すぐにでも出発したかったが、カーティアから誰か魔導師が来るまで離れることはできなかった。アートランが少しでも探ってくれることを願うしかなかった。


 ミッション遂行前。カトルは、ミッションの計画書をトリスト大教授に送った。トリストからこちらの研究を少しでも早く開始したいので、近くまでマリィンラボを移動させておくと返信が来た。

 北ラグン港に移動し、プテロソプタを海上輸送する浮き板をアンダァボォウトに牽引させる準備をした。港の側には、恋人のアルリカと最後に抱き合ったトレイルがあり、目に入ってしまって、苦しくなった。

 会いたい。

 つらい立場になっていけばいくほど、その想いは強まっていた。頭を振って、その想いを振り払った。

 このミッションは危険だ。死ぬかもしれない。参加する部下たちにとても危険だし、辞退してもいいと話したが、なんとか遂行しようと逆に励まされてしまった。
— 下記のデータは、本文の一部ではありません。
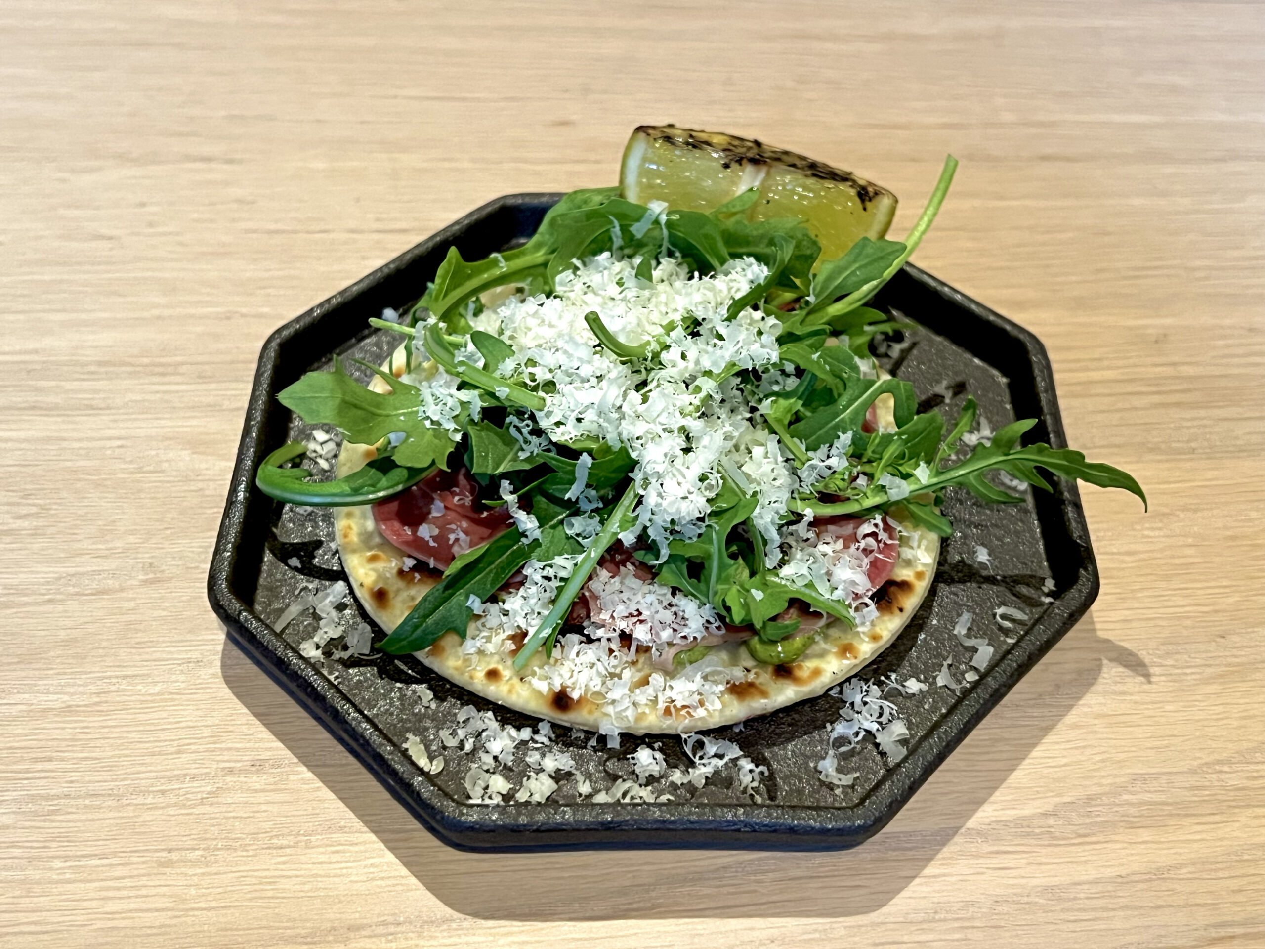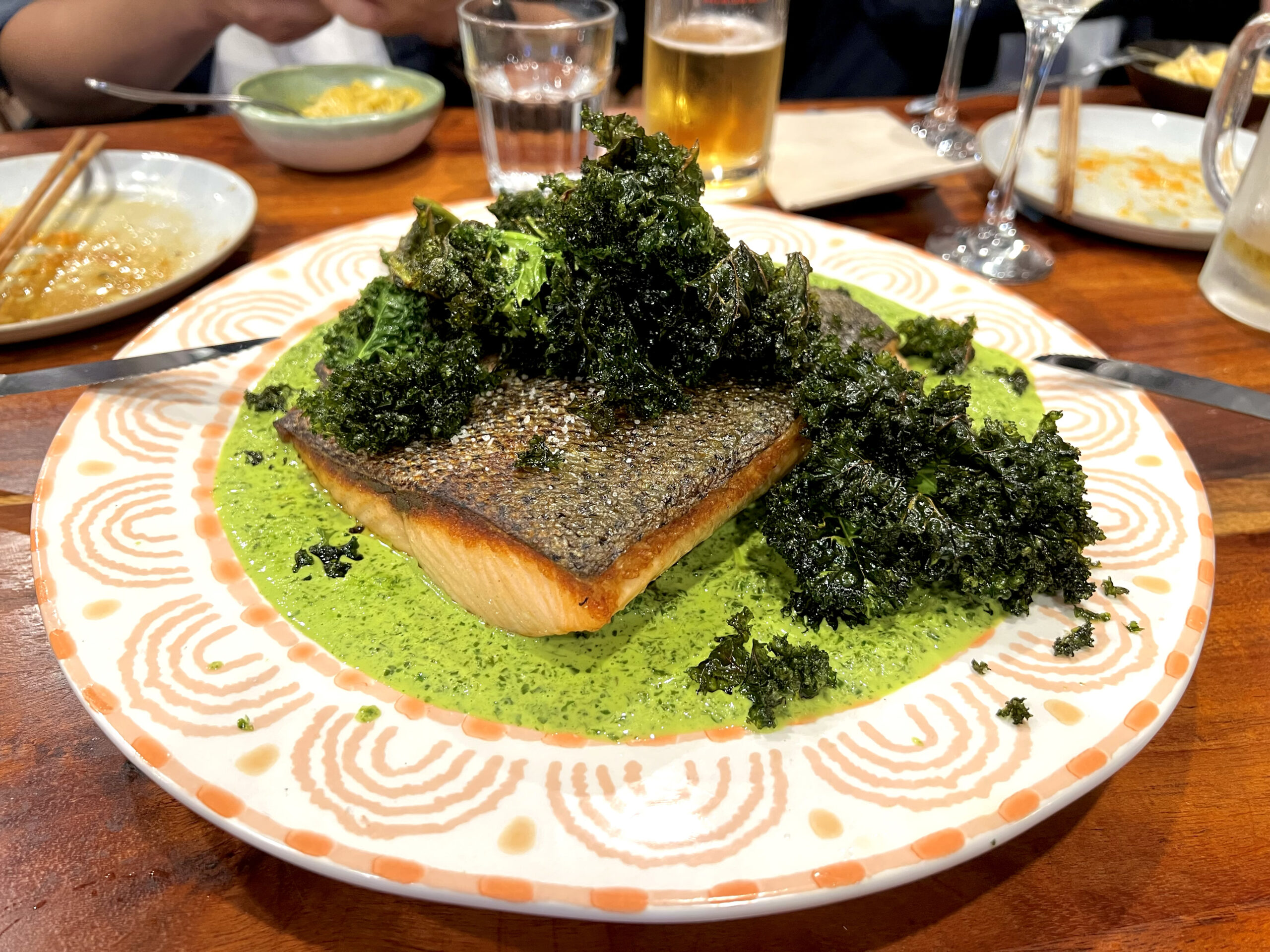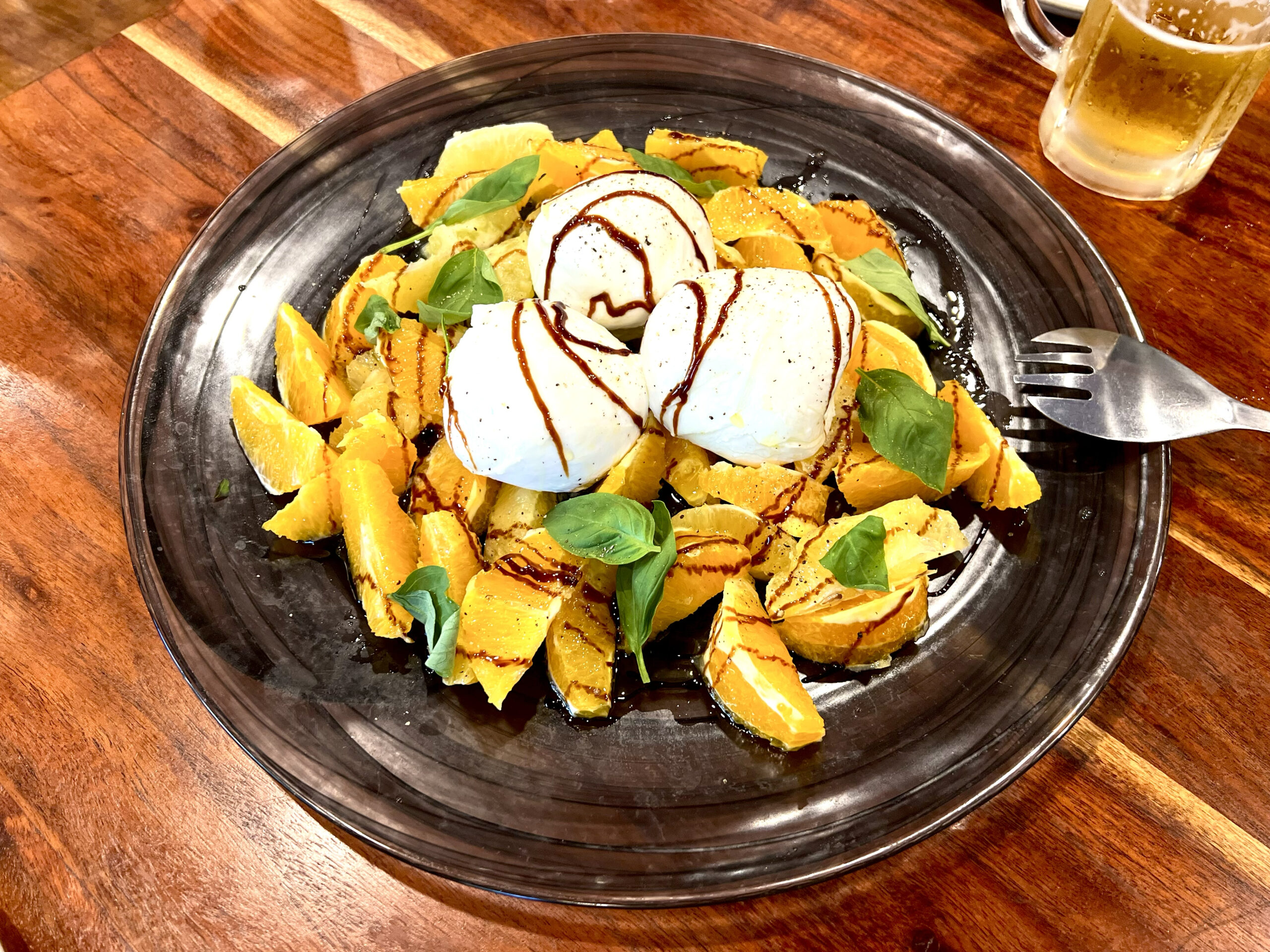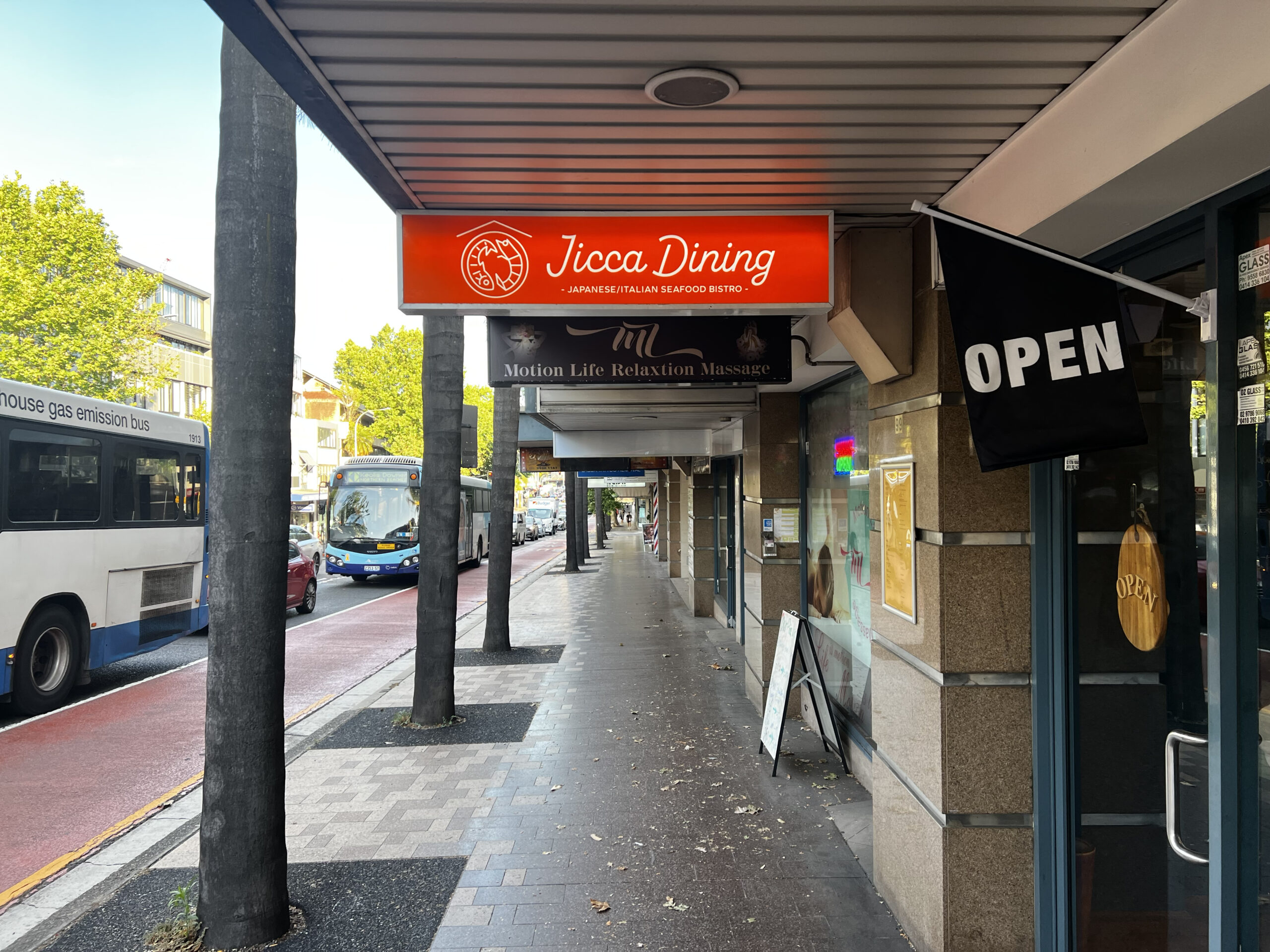 シドニーで日本人が経営しているレストラン「Jicca Dining」で、食事をしながら話を聞く。オーガニック⾷材販売会社「True Blue Organics」の代表をされているアッグリング・コールス 和美さんから話を伺う。

「もし失敗したら、第一大陸に上陸して探らないといけないかもしれないな」

 タニア議長の命じたミッションは、女の素子を生きて捕獲することだった。それもなるべく早く、エヴァンス指令が『大魔導師』とやらと交渉を開始する前にということだった。素子研究の検体にするのだ。もし、この近くで捕獲するとしたら、リィイヴを船から連れてきた女魔導師しかない。その女魔導師の魔力がどれくらいか、まったくわからなかったが、調べている余裕はない。急襲しかないと決断した。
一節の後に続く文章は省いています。